Problem to solve.
Word-for-word transcription: reproduce all of the data, but not the pictures.

Stored data.
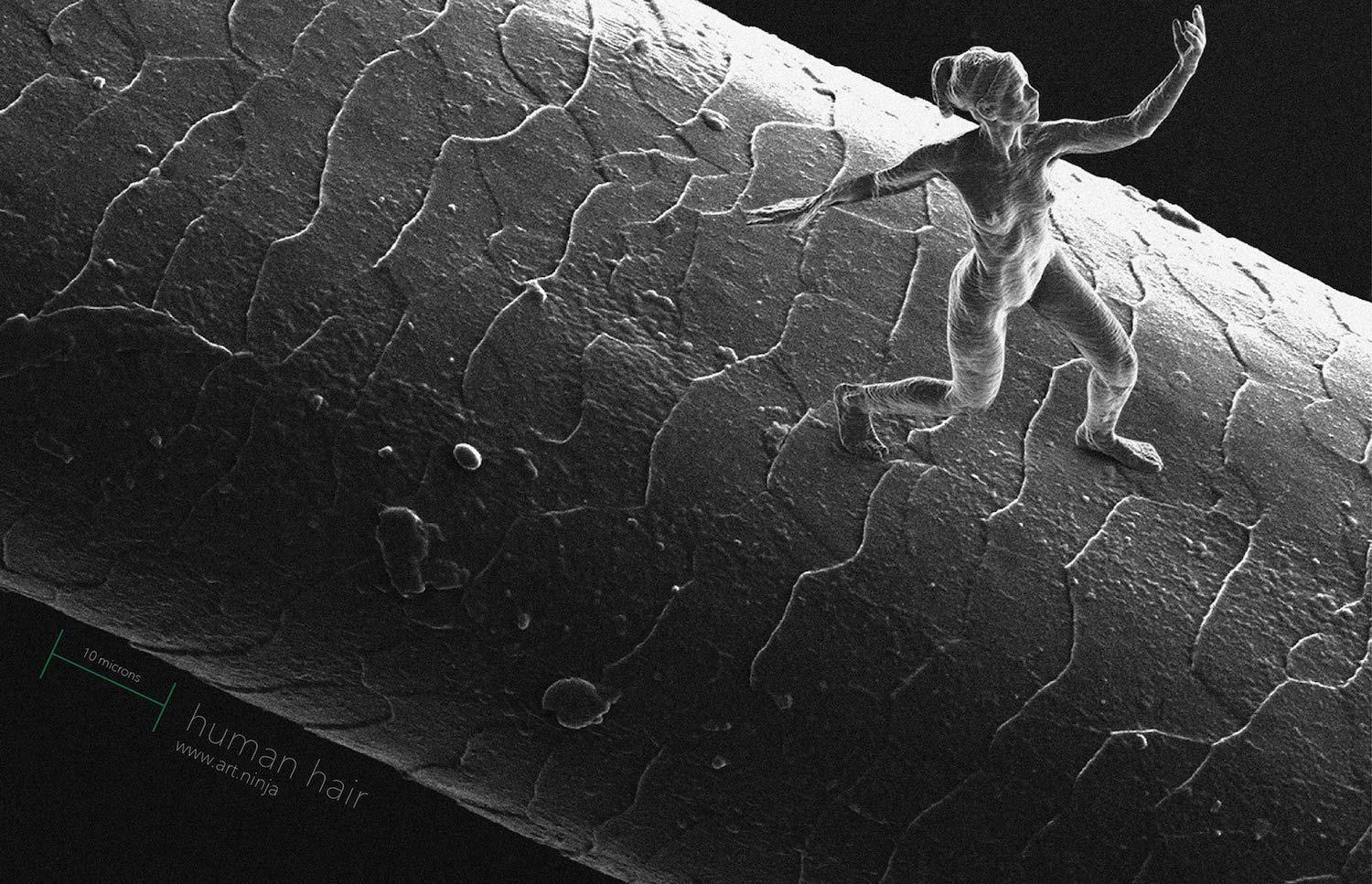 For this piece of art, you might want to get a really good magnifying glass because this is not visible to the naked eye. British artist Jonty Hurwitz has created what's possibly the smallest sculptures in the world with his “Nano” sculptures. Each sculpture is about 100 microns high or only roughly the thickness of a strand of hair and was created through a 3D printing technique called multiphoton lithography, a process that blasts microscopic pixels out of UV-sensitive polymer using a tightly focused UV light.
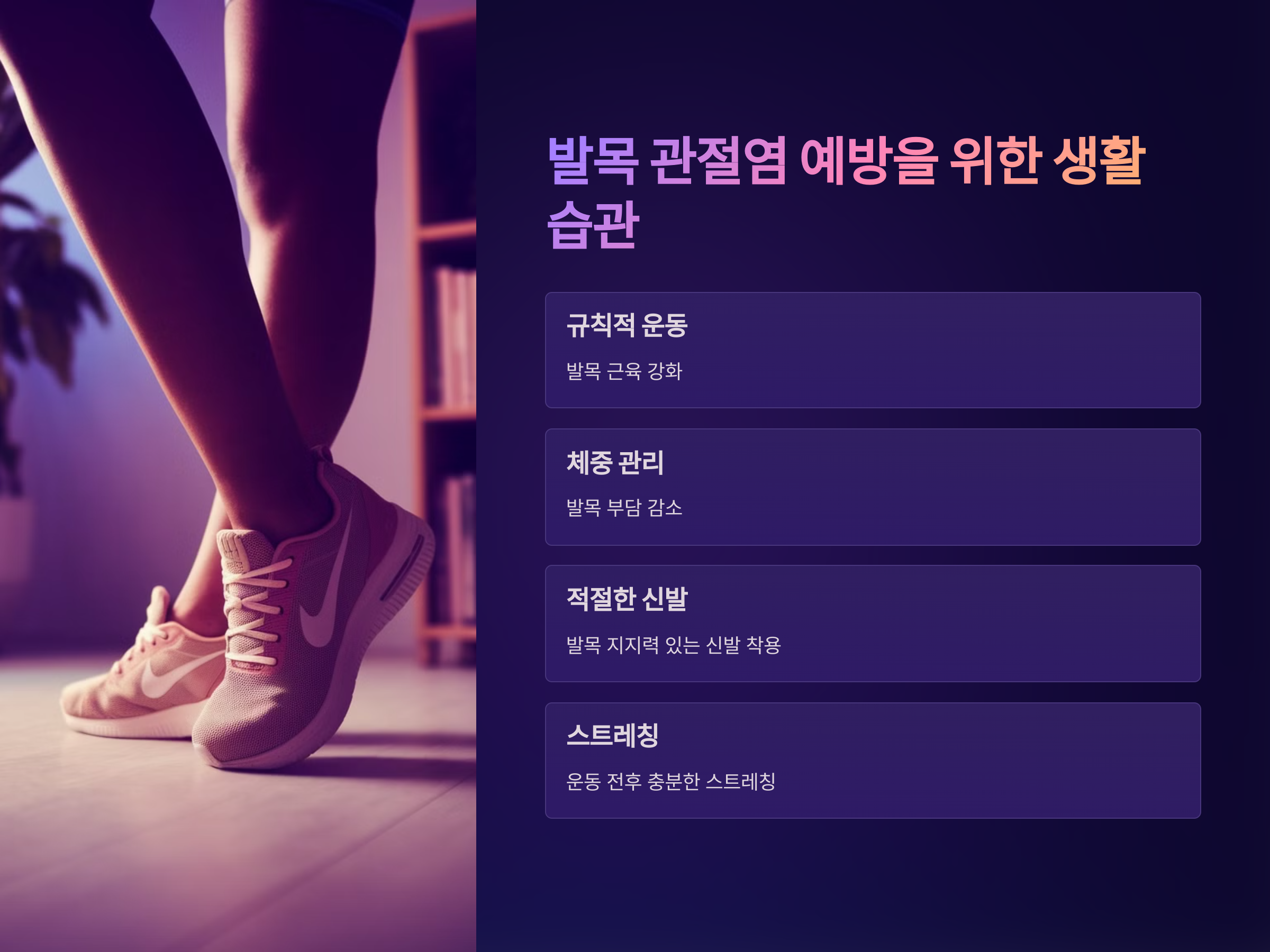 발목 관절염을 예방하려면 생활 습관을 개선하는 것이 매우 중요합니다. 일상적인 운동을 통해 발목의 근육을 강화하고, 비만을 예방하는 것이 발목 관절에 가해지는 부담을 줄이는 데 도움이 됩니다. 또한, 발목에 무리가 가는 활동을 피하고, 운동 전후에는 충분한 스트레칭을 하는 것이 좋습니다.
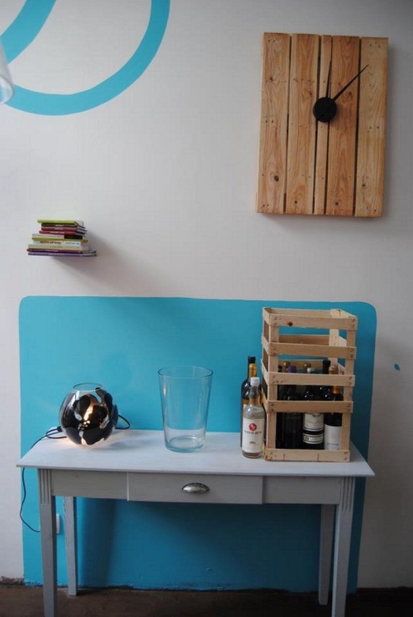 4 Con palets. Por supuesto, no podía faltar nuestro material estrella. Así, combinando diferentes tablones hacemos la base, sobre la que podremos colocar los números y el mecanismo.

Response below.
 For this piece of art, you might want to get a really good magnifying glass because this is not visible to the naked eye. British artist Jonty Hurwitz has created what's possibly the smallest sculptures in the world with his “Nano” sculptures. Each sculpture is about 100 microns high or only roughly the thickness of a strand of hair and was created through a 3D printing technique called multiphoton lithography, a process that blasts microscopic pixels out of UV-sensitive polymer using a tightly focused UV light.
 발목 관절염을 예방하려면 생활 습관을 개선하는 것이 매우 중요합니다. 일상적인 운동을 통해 발목의 근육을 강화하고, 비만을 예방하는 것이 발목 관절에 가해지는 부담을 줄이는 데 도움이 됩니다. 또한, 발목에 무리가 가는 활동을 피하고, 운동 전후에는 충분한 스트레칭을 하는 것이 좋습니다.
 4 Con palets. Por supuesto, no podía faltar nuestro material estrella. Así, combinando diferentes tablones hacemos la base, sobre la que podremos colocar los números y el mecanismo.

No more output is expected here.